Agriculture and forestry: mainstreaming research findings that work for communities

Partnerships are fundamental to conducting research. Douglas Sheil/CIFOR

PUNTA DEL ESTE, Uruguay (12 November 2012)_Small-scale farmers in many tropical nations depend primarily on their crops for survival, but without additional income generated by nearby forests, they would often be unable to weather through the hard times. This is why agricultural and forestry institutions should partner up when conducting research aimed at determining activities that will be most beneficial to communities and the environment, said scientists with the Center for International Forestry Research.

The perception often is that farmers only do one thing: farm.
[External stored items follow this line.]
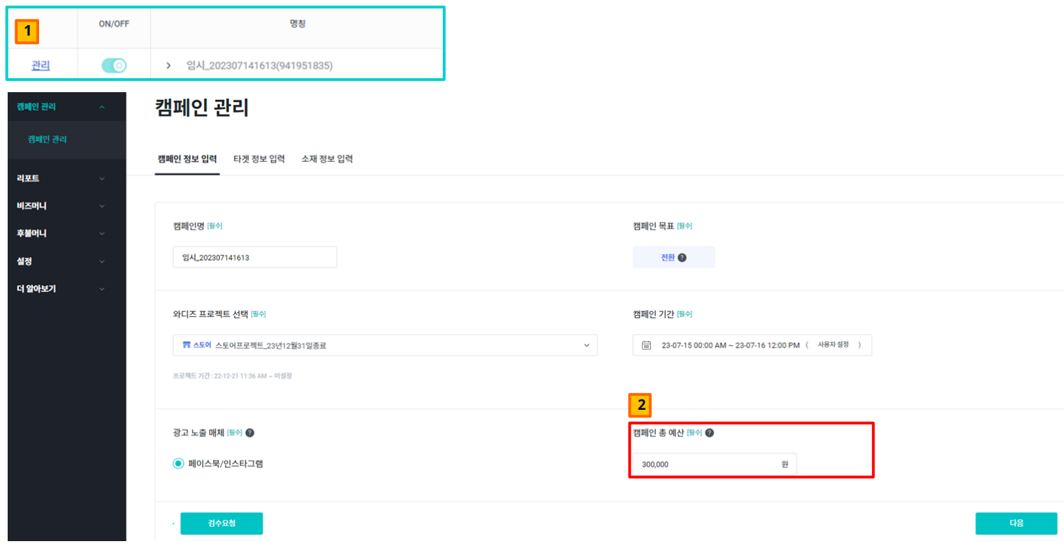- 以活动、广告套装、广告素材为单位,点击ON/OFF图标即可停止或激活。
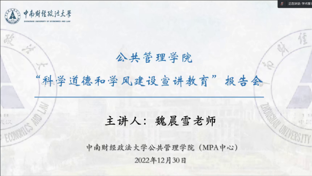 (通讯员 魏晨雪 郑琪琦)2022年12月30日晚上18:30,由中南财经政法大学研究生院、党委研究生工作部、中南财经政法大学研究生会主办,中南财经政法大学公共管理学院(MPA中心)研究生会承办的“科学道德与学风建设宣讲教育”报告会于线上成功举办。本次讲座特邀公共管理学院魏晨雪老师担任主讲嘉宾,公共管理学院全体研究生线上参会学习。讲座由公共管理学院研究生会学术部干事陈宁同学主持。
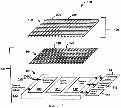 Третий слой – это слой управляющей схемы 106. Эта управляющая схема 106 имеет схему адресации, которая позволяет управляющей схеме 106 управлять напряжением, подаваемым на выбранные электроды 126. Это позволяет управляющей схеме 106 управлять отклонением зеркал 202 в массиве 103 зеркал посредством электродов 126. Традиционно, управляющая схема 106 также содержит блок 108 управления дисплеем, буферы 110 памяти строк, массив 112 широтно-импульсной модуляции и входы для видеосигналов 120 и графических сигналов 122. Микроконтроллер 114, схема 116 управления оптической системой и флэш-память 118 могут быть внешними компонентами, подключенными к управляющей схеме 106, или, согласно некоторым вариантам осуществления, могут входить в состав управляющей схемы. В различных вариантах осуществления, некоторые из вышеперечисленных компонентов могут отсутствовать, могут находиться на отдельной подложке и подключаться к управляющей схеме 106, или другие дополнительные компоненты могут входить в состав управляющей схемы 106 или быть подключены к управляющей схеме 106.
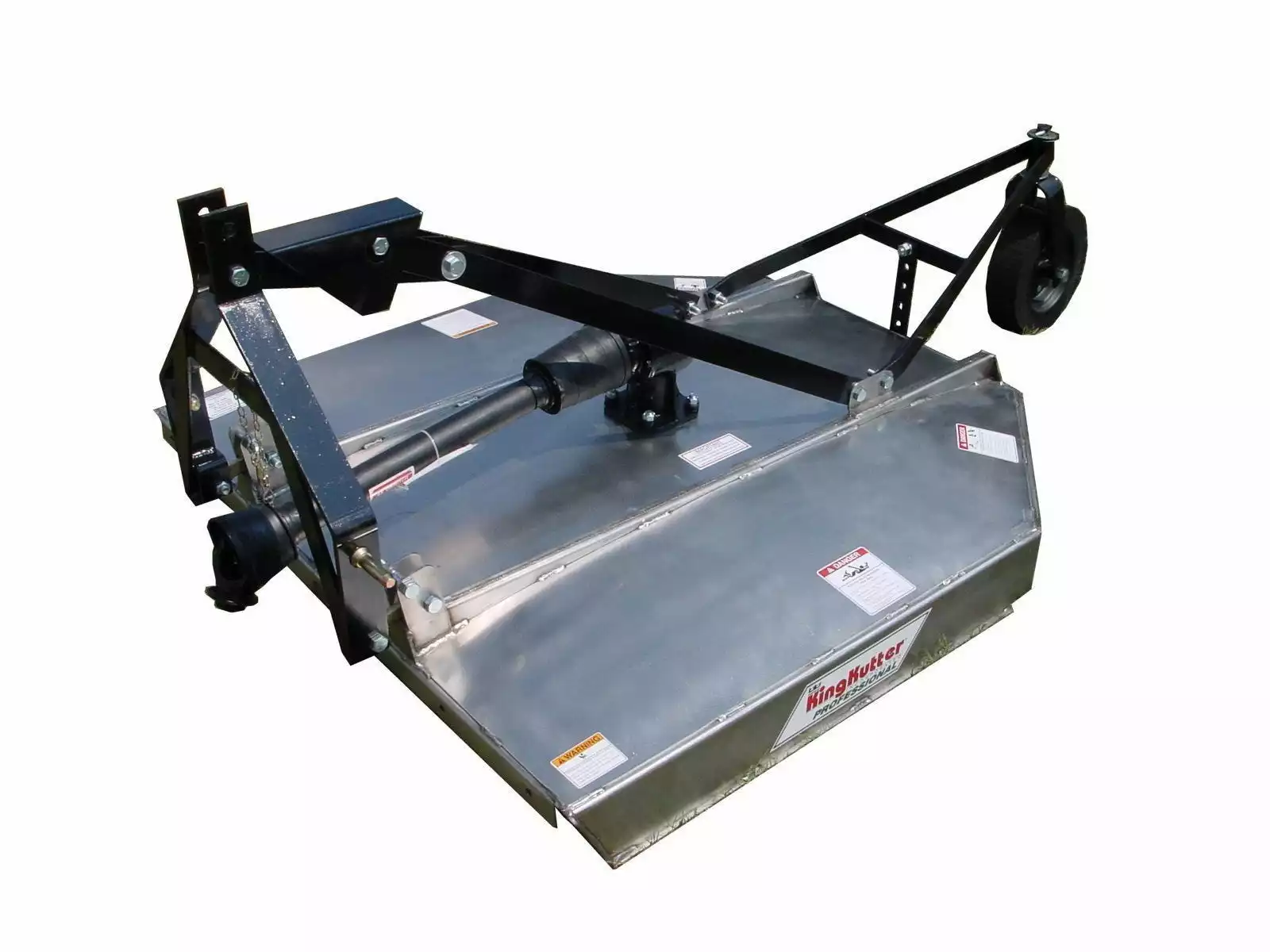 KING KUTTERS PROFESSIONAL FLEX HITCH* ROTARY KUTTERS are the latest in Rotary Kutter innovation from King Kutter Inc. This rotary kutter features a Cat. 1 quick hitchable, flex hitch design, which is unlike any other on the market today. The unique hitch allows it to roll 15 Degrees up or down on the left or right side of the machine, which lets it follow the contours of your field like no rotary kutter before. Shown here with OPTIONAL front and rear chain guards. Another special features includes a sloped deck that sheds water and debris to prevent material from collecting on the deck. Whether mowing pastures, roadsides, parks, or easements, the King Kutter rotary kutter with Flex Hitch is the perfect kutter for you.
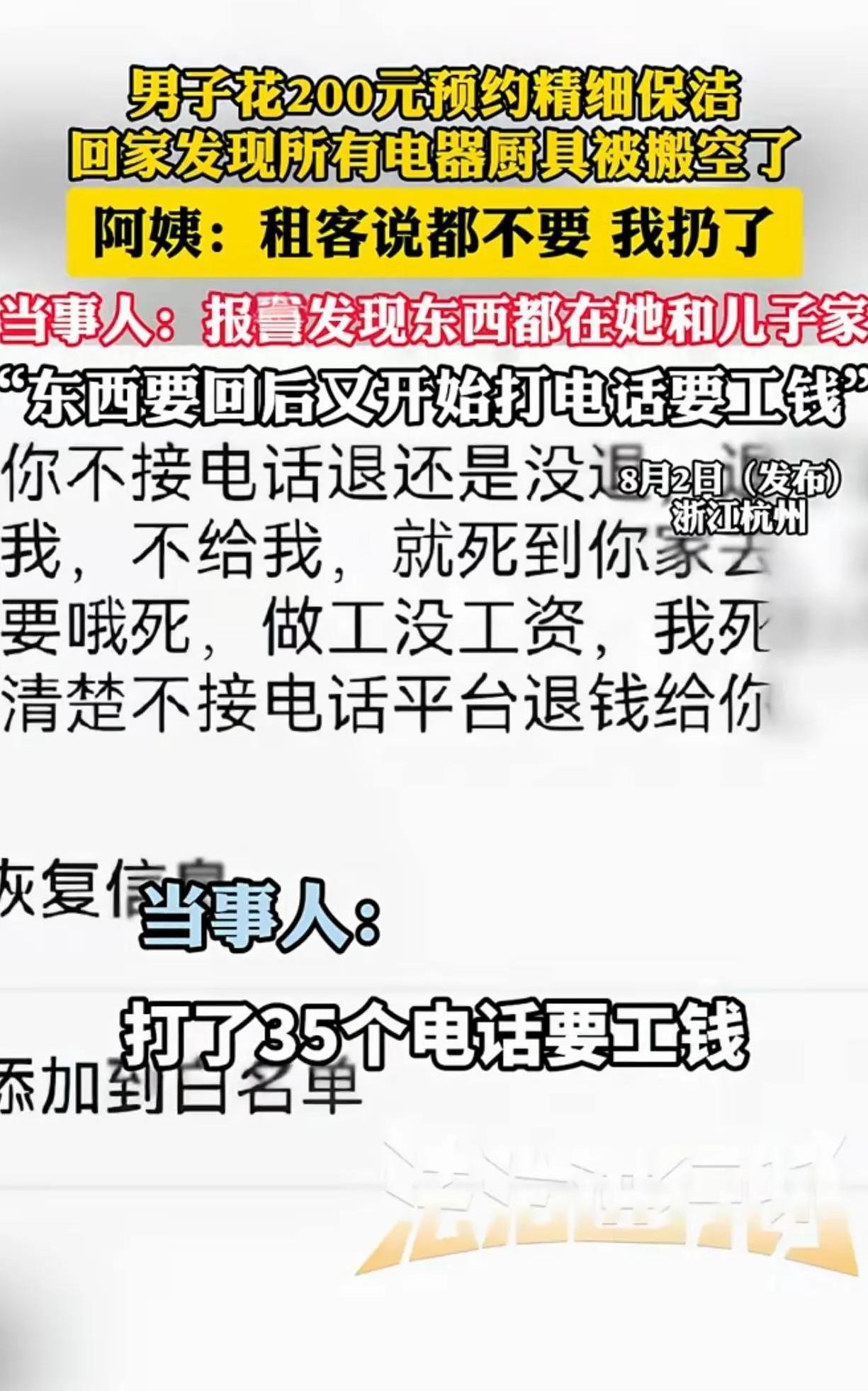 “保洁变洗劫!”浙江杭州,一男子花200元,请一保洁上门做4小时的精细保洁,他下
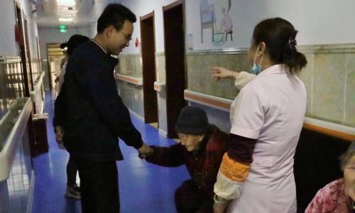 首先养老院院长带领着我们与老人们打招呼,朱翔副主任亲切握手关心并和李浩文老师一同在露天活动场地向院长介绍志愿者,交谈今后的活动安排。紧接着慰问活动正式展开了,有的到各个楼层的房间,陪老人们拉拉家常、讲讲笑话和养生小知识,给老人们带去欢笑和快乐;有的帮助老人整理内务,打扫卫生;老人也邀请同学们一起打扑克牌。快乐的时间总是过得很快,同学们和老人们一一告别,从他们的眼神中看出希望我们下次的到来。
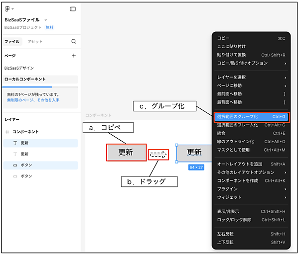 右側にずらした2つの要素を一緒に選択した状態で右クリックすると図7のようなメニューが表示されるので「選択範囲のグループ化」を選んでください。これで長方形「ボタン」とテキスト「更新」がグループ化され、レイヤーパネルに

“But growing or managing forests for wood and non-wood products, both for subsistence and sale is very common. “It is also a very sensible strategy, both in terms of maximising incomes and minimising risk,” said Peter Kanowski, Deputy Director General of CIFOR, at the Second Global Conference on Agricultural Research Development (GCARD2) in Uruguay. The conference discussed hopes for a future where agricultural innovation ratchets up production, and the welfare of small-scale farmers is assured.

Added Robert Nasi, Director at the CGIAR Research Program on Forests, Trees and Agroforestry: “This is what we are implementing in our forest, trees and agroforestry research program — working together with other research institutions and partners that span across the whole agriculture-forest gradient.”

Forests cover a third of the earth’s surface and one billion people depend on forest resources for their everyday lives. Forests also provide essential services to mainstream agriculture, meaning future food supplies could be compromised should deforestation continue at a staggering pace.

Research from the Poverty and Environment Network (PEN), the largest and most comprehensive global analysis of tropical forests and poverty indicates that on average 75 percent of the incomes of small-scale farmers comes from their crops.

But it’s the remaining 25 percent, primarily from the forest, that is often most important,

Especially, said Nasi, “during periods of crisis…when you have a drought, when you have food shortages.”

This rich, natural habitat provides a second source of income — through the sale of meat, wild fruit, bark, medicines, and micro-nutrients — but also contributes in indirect ways, by providing ecosystem services to the yields and crops, like water regulation and pollination.

And this is key, not just for farmers to understand, but for agricultural and forestry researchers, as well.

“They have to recognise that they are just of the same portfolio,” said Kanowski, adding that only by partnering up will researchers be able to deliver outcomes that work for communities.

Farmers also need to understand the risks of having farmers invest all of their land and labor producing a single crop (for biofuels or for feedstocks for animals, for instance).

Small-holders would be better off diversifying their activities, drawing from trees and other products in the forests and — depending on their situation — on some food crops.

The benefits are in income, but also in terms of resiliency and risk management.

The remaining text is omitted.